Она рослая, статная женщина лет 27-ми. Кожа её смугла, но это не шершавый загар, а смуглость испанки, сквозь которую розовеет на щеках горячая кровь. Маленькие, красивые уши сверкают ярче тлеющих в мочках камешков. Видно, что даже в эту жару кожа её суха, прохладна и бархатиста. Иногда она быстро приподнимает локти полных рук, освежая подмышки. На ней яркое, лёгкое платье без рукавов со смелым декольте. Сложена она так пропорционально и двигается так легко, что девичья полнота ещё больше подчёркивает её грациозность. Когда она, поднявшись на цыпочки, тянется мелком к вершине чертежа, мы замираем – подол её платья вслед за рукой скользит вверх, обнажая великолепные ноги. Бретельки, лямки, и резинки отчётливо подчёркивают её пышные формы. Чёрные кудри спиралями трепещут у висков и вьются вокруг узкого, чистого лба, а на затылке собраны яркой лентой в тяжёлый, пышный ворох. Кажется, что высокая шея с трудом удерживает эту роскошь. Слегка вздёрнутый подбородок усиливает это впечатление и делает её взгляд несколько «свысока». Широкие брови парят над большими, тёмными, с золотой искрой, глазами. Над ярким, крупным ртом тёмный пушок, делающий ещё ослепительней влажный блеск и белизну её улыбки.
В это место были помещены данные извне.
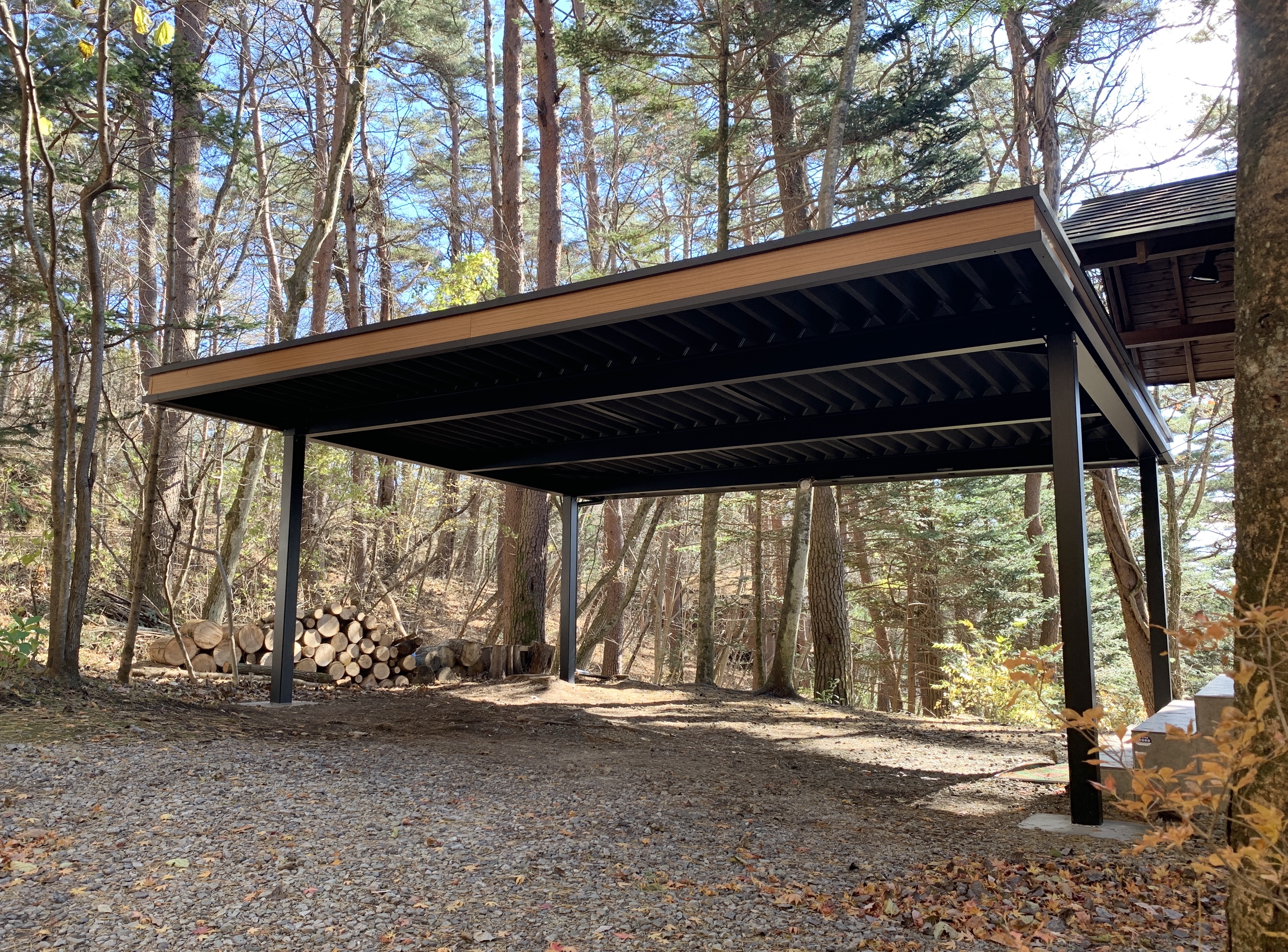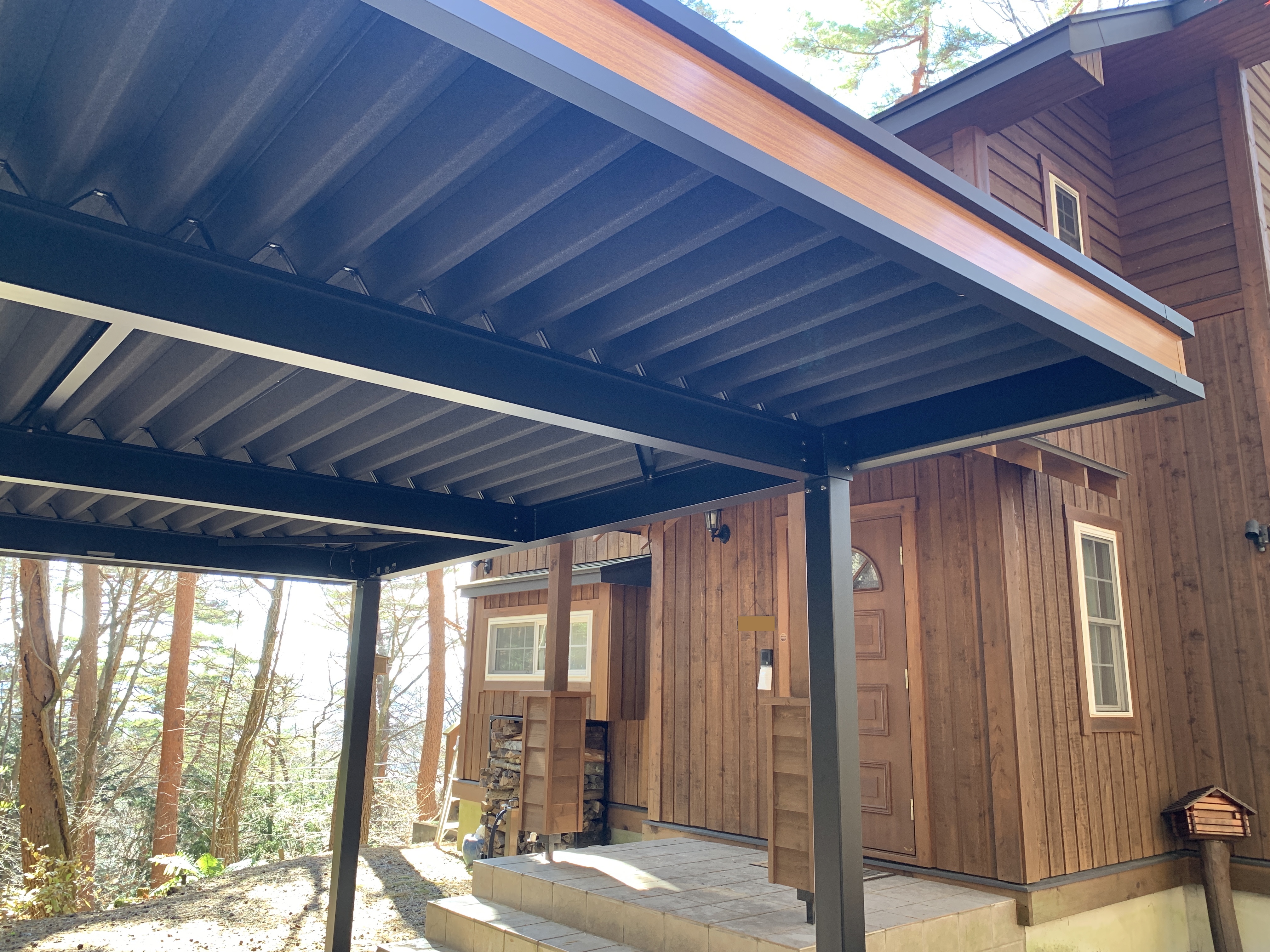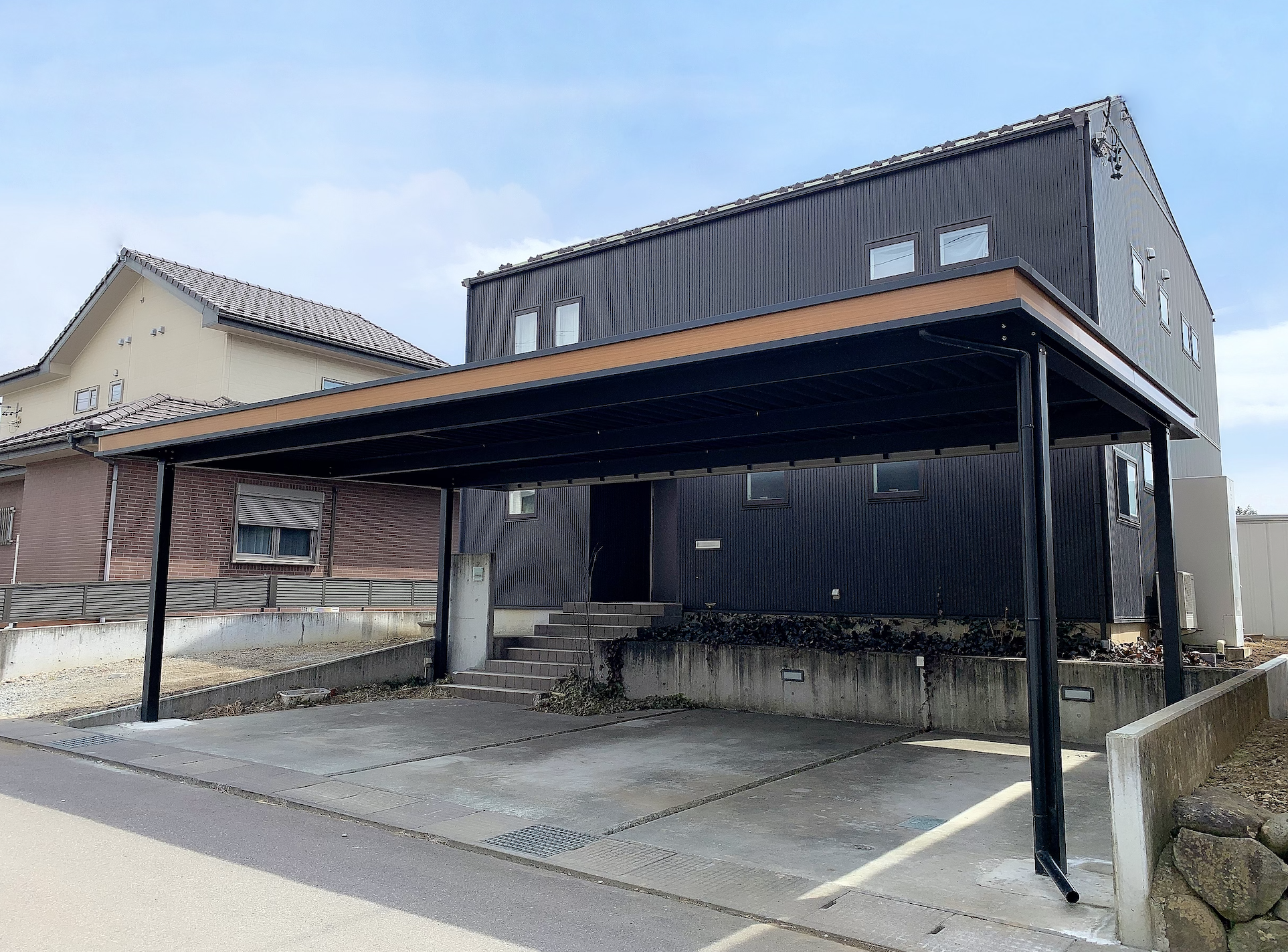 Bキャノは、サテンブラックの黒い重厚感のある鉄骨に、木目の破風を合わせたオシャレでカッコイイカーポートです。
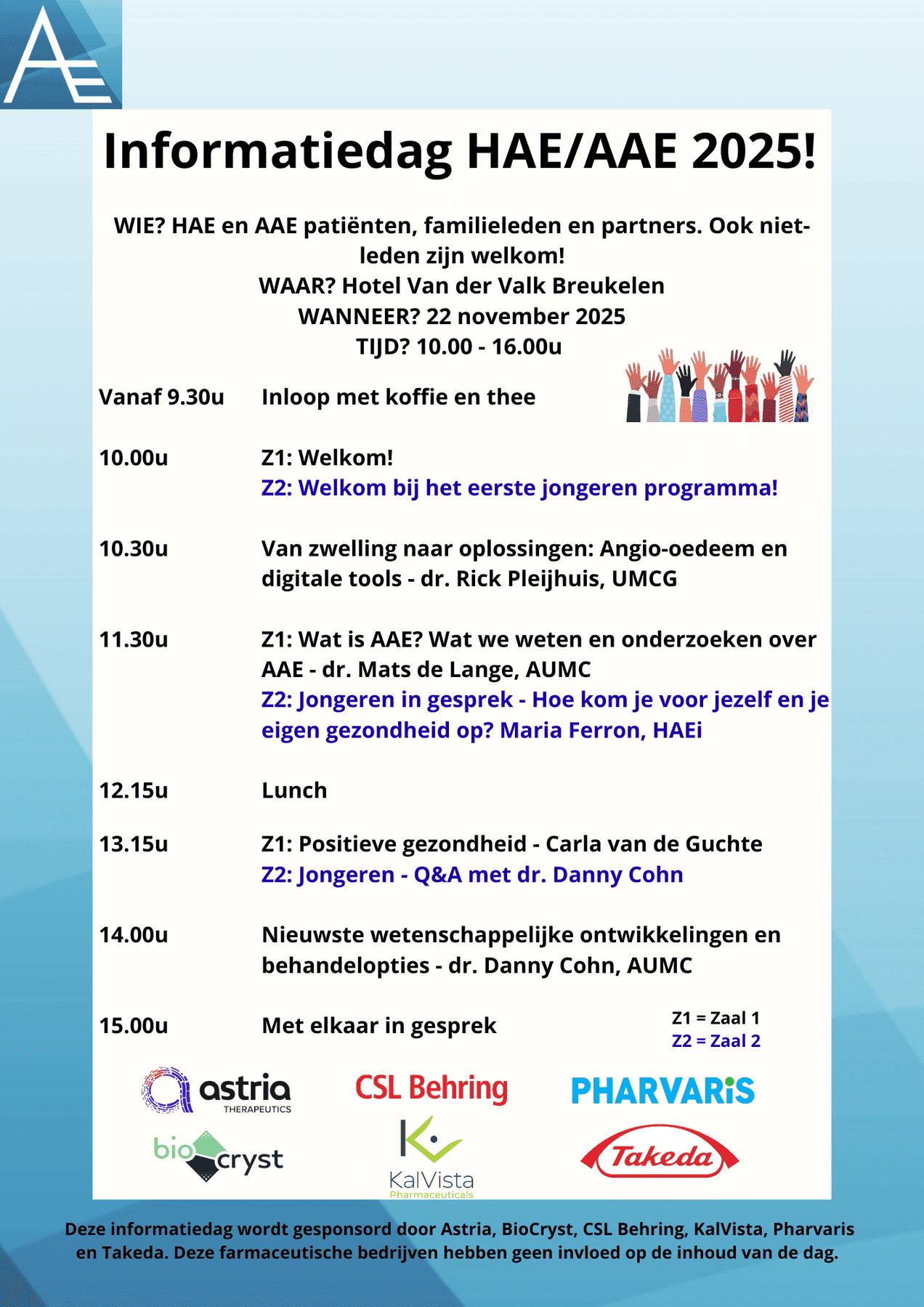 Op zaterdag 22 november 2025 organiseren wij weer de jaarlijkse Informatiedag HAE/AAE in het Van der Valk Hotel in Breukelen.

Мысленно мы торопили её начертить очередную задачу и приступить к объяснению. Не потому, что торопились унестись на загадочные координаты октантов и не только потому, что хотели вновь и вновь слышать её завораживающий голос, а хотели мы ещё и ещё видеть действо, предваряющее её объяснения. Она делала эту свою «гимнастику», ни разу не изменив последовательность движений. Повернувшись к нам, она клала мелок на стол и, слегка отставив локти, поднимала ладони к плечам; зажмурив глаза, откидывала голову назад и, потирая щепотки, стряхивала меловую пыль с тонких пальцев; выгибая спину, сильно отводила плечи назад и, разом приняв нормальную позу, складывала руки на животе. Длилось это всего несколько мгновений. Это её жилки и косточки расслаблялись и наполнялись энергией. Пластика этих движений была легка, грациозна и выразительна как китайский балет, где каждая поза на мгновение фиксируется. И мы, как на крупном плане, видели то запрокинутый девичий подбородок на точеной шее, то напряжённые полушария тугой груди, то мраморные изнанки поднятых рук.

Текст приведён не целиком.